The current (green) increases when the valve is energized and decreases after switching off.

At rest, the voltage is 13,5 volts. The PWM valve is not actuated. 
The spring located in the valve ensures that the valve is open at rest. 
The moment the ECU switches on the ground (this can be seen in the scope image when the red signal is 0 volts), a current will flow through the coil (the green image), causing the valve to close.

The scope image shows that the valve is switched on for a short time and switched off for a longer time. This means that the fuel pressure must be relatively low.

We read out the car and view the live data. The fuel pressure is almost 300 bar at idling speed. This is OK.

Fault: engine no longer starts when starting.
The engine does not start during starting. We are sure that there is sufficient fuel in the tank. We will of course start with reading out faults. In this case, no faults are stored. That's why we look at the live data (in VCDS these are called the measurement value blocks). During starting, the starting speed is 231 rpm. The ECU receives the crankshaft signal. That is good.
The fuel pressure during starting is 7.1 bar. That is too low to start the engine.

Low fuel pressure can have the following causes:

  • too little fuel in the tank
  • fuel pump (lift pump or high-pressure pump) defective
  • clogged fuel filter
  • faulty fuel pressure control valve

To determine why the fuel pressure remains too low, we check the voltages of the electrical components with the oscilloscope.
Earlier in this section, the scope image of the properly functioning PWM fuel pressure regulator is shown. The next scope image is again a measurement of this pressure regulator, but this time with a malfunction. 

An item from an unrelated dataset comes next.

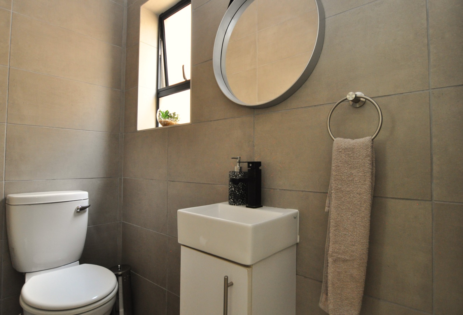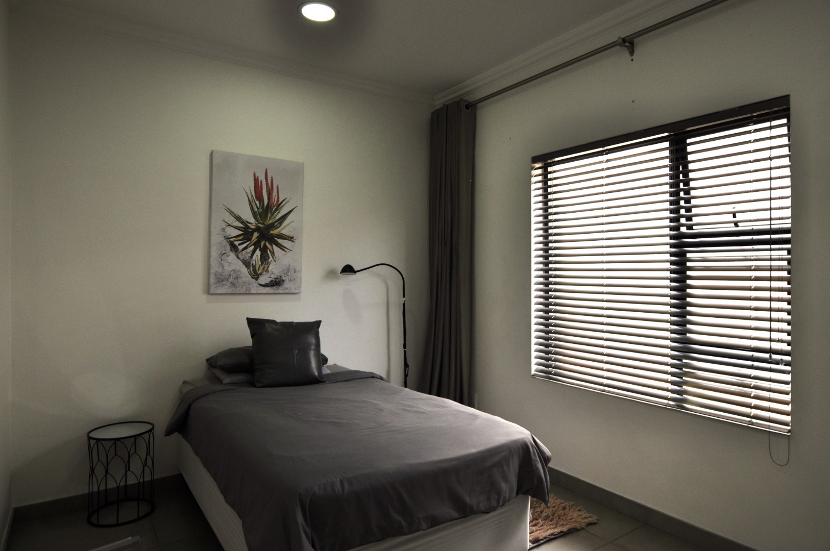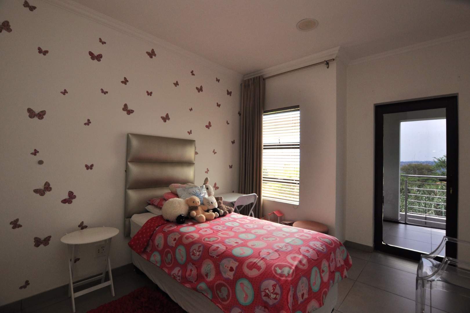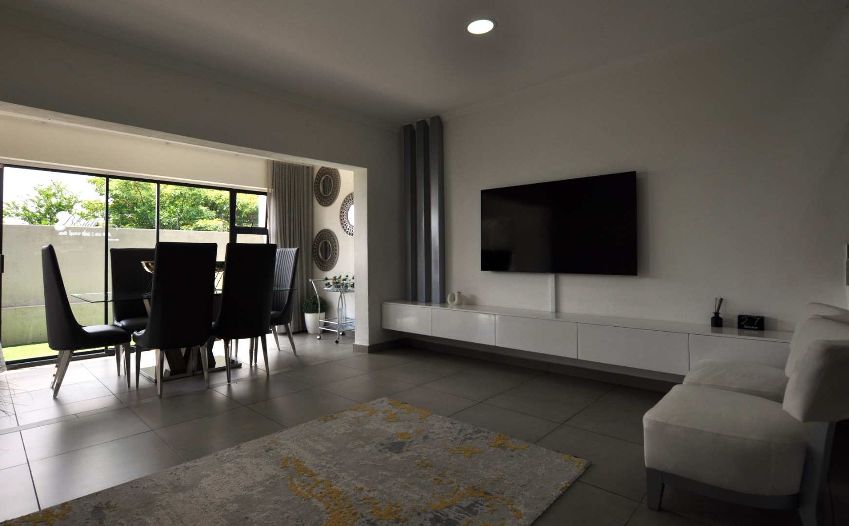Discover an exquisite contemporary residence nestled within a prestigious estate in Allen's Nek, Roodepoort, South Africa. This architectural marvel presents a striking modern facade with a sophisticated grey and white palette, immediately captivating with its integrated double garage and elegantly paved driveway. Step inside to an expansive 195 sqm of meticulously designed living space, where an open-plan layout seamlessly connects the sophisticated lounge and dining areas. Abundant natural light floods these spaces through large windows, complemented by recessed lighting, creating an inviting and luminous ambiance. The heart of this home is its state-of-the-art kitchen, a culinary haven featuring sleek light grey and white cabinetry, pristine subway tile backsplashes, and premium stainless steel appliances, including a gas range. A cleverly integrated breakfast bar beneath the stylish staircase offers a casual dining experience, while the overall design ensures both functionality and aesthetic appeal. The modern staircase, with its metallic accents and sleek railing, serves as a central design feature, leading to the private quarters above. This distinguished property boasts four generously proportioned bedrooms and two and a half luxurious bathrooms, including a convenient guest toilet. Each bedroom is a sanctuary of comfort, featuring extensive built-in cabinetry for ample storage, neutral decor, and large windows that invite serene views. The master suite, with its plush upholstered headboard and en-suite access, promises a private retreat. An integrated vanity/desk area in one of the rooms adds a touch of practical elegance. Outdoor living is elevated by a private balcony, offering picturesque views of distant hills – a perfect setting for tranquil moments. The property is part of a secure estate, providing peace of mind with 24-hour security, an access gate, security post, and electric fencing. Modern conveniences include fibre connectivity, ensuring seamless digital living. This residence epitomizes refined estate living, blending contemporary design with unparalleled security and comfort. Key Features: * Modern Architectural Design * 4 Bedrooms, 2.5 Bathrooms * Open-Plan Living & Dining * Contemporary Kitchen with Premium Appliances * Integrated Double Garage * Private Balcony with Scenic Views * Secure Estate Living with 24-Hour Security * Fibre Connectivity * 195 sqm Floor Size * Paved Driveway

As the current increases, the supply voltage decreases. The supply voltage therefore drops when current flows. In addition, the following points stand out:

  • When switched on, the supply voltage drops to a lower value, normally a contact resistance causes an abrupt drop (a vertical line in the scope image to a lower voltage);
  • The current build-up follows the characteristic charging curve according to the e-power after switching on the coil. The current course during discharge is mirrored by the gradual build-up of the supply voltage. The current does not drop to 0 A. So current continues to flow after the control has ended.
  • As soon as the coil is switched off, there is no induction peak in the red image (where the voltage rises from 0 to 14 volts). Think of switching off the injector coil, which can cause a peak of up to 60 volts.

So there is a contact resistance in the supply wire to the fuel pressure regulator. Only when current flows does a voltage drop occur as a result of the contact resistance. When the ground is switched off, no current flows and the supply voltage remains the same as the battery voltage.

Now back to the schematic: the power wire is circled in red. The next step is actually locating the damaged wire. Damage can occur as a result of chafing against engine parts, or because the wire has been pinched during previous assembly work. Once the damage has been found, it can be repaired.

It is now clear what resulted in the transition resistance. You may have noticed that there has been talk of a missing inductance peak in the scope signal. When the coil is switched off, the current image slowly decreases to a lower value. So there is no interruption of the control; it is terminated, but current continues to flow through the coil.

The moment the FET has been made conductive by the microprocessor, a current can flow from the drain to source and thus also through the coil. The coil is thus energized and the control valve can close against the spring force due to the generated magnetic field.

As soon as the driving of the FET ends, no more current flows through the coil to ground. The freewheeling diode ensures that the induction current is fed to the plus as a result of the residual energy in the coil. This ensures a gradual flow reduction and prevents an induction from taking place. This process is indicated in the figure by the red arrows.

This explains why a current course is still visible in the scope image after the actuation has already ended.